Step 3aDeep-Dive: Fan-Out Strategy (12 min)

This is where the bulk of the interview happens. The single most consequential decision in a social feed design is how the timeline gets assembled. Three strategies; only two are practical at scale; the right answer is a hybrid.

Time12 min · ~25% of the interview

The choice

Push vs Pull: Two Strategies

Push fan-out does the work at write time: a tweet from someone with N followers triggers N writes to N timeline caches. Reads are then trivial. Pull fan-out does the work at read time: each timeline read merges the recent posts of every account the user follows. Each strategy breaks under different conditions.

Push (fan-out-on-write)

When a user posts, the system writes the post ID into the timeline cache of every follower. Reads are trivial: fetch the user's timeline cache, hydrate the post content, return.

Pros: Reads are O(1) — a single Redis call. Latency is excellent and scales with read traffic almost for free. Most users feel the system as fast.
Cons: Writes are O(N) where N is follower count. For most users (median ~100 followers) this is fine. For celebrities with millions of followers, a single tweet triggers millions of writes. The fan-out queue clogs; the timeline caches thrash; some followers see the tweet seconds or minutes later than others.
Storage cost: Each follower gets a copy of the post ID in their timeline. With 250M users averaging 200 follows, the timeline cache stores ~50B post-ID references. Bounded per user (we cap at ~800 entries) so total storage is predictable.

Pull (fan-in-on-read)

When a user posts, the system writes only to the user's own timeline (a list of their own posts). When someone reads their home timeline, the timeline service queries every followed user's timeline, merges them in time order, returns the top N.

Pros: Writes are O(1) — one append to the author's user timeline. Storage is minimal (each post stored once, not N times). Celebrities don't break anything special at write time.
Cons: Reads are O(M) where M is how many users the reader follows. For someone following 1000 accounts, every timeline read becomes 1000 lookups plus an in-memory merge. At 500K reads/sec across millions of users, this is operationally devastating. Latency suffers; throughput suffers worse.
Storage cost: Minimal. Each post stored once in the author's timeline.

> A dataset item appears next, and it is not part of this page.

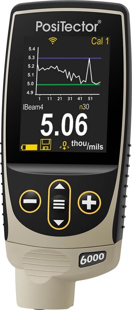 The innovative probe technology and factory calibration in the DeFelsko PosiTector 6000 means that it arrives ready-to-measure - usually there is no need to perform a two-point calibration adjustment. Ruby or alumina probe tips on standard probe models eliminate wear, meaning that the factory calibration is maintained throughout the lifetime of the probe. Whether out of the box or after years of use, DeFelsko PosiTector 6000 will continue to provide accurate results.For highest confidence and best measurement accuracy, observe our “golden rule” - simply check ZERO (or the known thickness of a shim) on the uncoated part, adjust if necessary, and then measure the coated part. This ensures that the probe is properly adjusted for substrate characteristics including mass, metallurgy, curvature, temperature and roughness.

Why neither alone is right

Push breaks for celebrity authors. Pull breaks for any read-heavy workload. The depth probe — "what about celebrity accounts?" — is exactly the question that exposes which strategy you've picked and whether you've thought about its limits.

The answer is hybrid, and it's specifically how Twitter's real architecture handles this. Push for normal users, pull for celebrities, merge at read time.

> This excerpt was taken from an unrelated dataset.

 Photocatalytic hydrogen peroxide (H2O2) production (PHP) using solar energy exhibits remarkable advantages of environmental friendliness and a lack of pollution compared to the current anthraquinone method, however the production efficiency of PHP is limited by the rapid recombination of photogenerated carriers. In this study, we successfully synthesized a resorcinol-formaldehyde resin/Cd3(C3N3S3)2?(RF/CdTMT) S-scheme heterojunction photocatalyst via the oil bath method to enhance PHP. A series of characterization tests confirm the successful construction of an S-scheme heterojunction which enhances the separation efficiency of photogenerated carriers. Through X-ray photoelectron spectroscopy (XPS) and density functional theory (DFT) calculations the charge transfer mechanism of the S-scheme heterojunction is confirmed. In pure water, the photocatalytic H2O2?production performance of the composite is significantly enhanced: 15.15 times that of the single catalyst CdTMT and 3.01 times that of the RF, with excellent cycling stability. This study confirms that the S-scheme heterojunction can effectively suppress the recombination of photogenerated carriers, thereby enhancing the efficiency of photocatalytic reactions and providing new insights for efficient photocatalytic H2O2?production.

Pure push optimizes the read path at the cost of write amplification on celebrity posts. Pure pull keeps writes cheap but explodes the read path under realistic load. Neither alone holds up at this scale.

Hybrid: push for users with normal follower counts (the vast majority), pull for users above a threshold (celebrities). The reader's timeline service merges the pushed timeline with the pulled celebrity posts at read time. Most reads are still fast because most posts came through push; the celebrity tail is handled separately without overwhelming the fan-out workers.

PickedHybrid. Justified by our scale (250M DAU, asymmetric follower distribution with celebrities having tens of millions). At smaller scale, pure push would be acceptable; at this scale, the celebrity write amplification forces the hybrid.

Step 3bDeep-Dive: The Celebrity Solution (10 min)

The hybrid is the canonical answer. The depth lives in the specifics: how do you decide who's a celebrity, where does the celebrity post live, and how does the merge happen at read time without blowing the latency budget.

Time10 min · ~20% of the interview

Hybrid: Push for Normal Users, Pull for Celebrities

The hybrid in detail. Normal users push to follower timelines as before. Celebrities just write to their own user timeline; nothing fans out. At read time, the timeline service fetches the reader's pushed timeline, fetches the recent posts of the celebrities they follow, and merges in time order. The merge is bounded because most users follow only a small number of celebrities.

The threshold

How do we decide who's a celebrity? A simple threshold on follower count — say, 10,000 followers — works fine. Above the threshold, we don't fan out; below, we do. The exact threshold is tunable based on system capacity and observed performance.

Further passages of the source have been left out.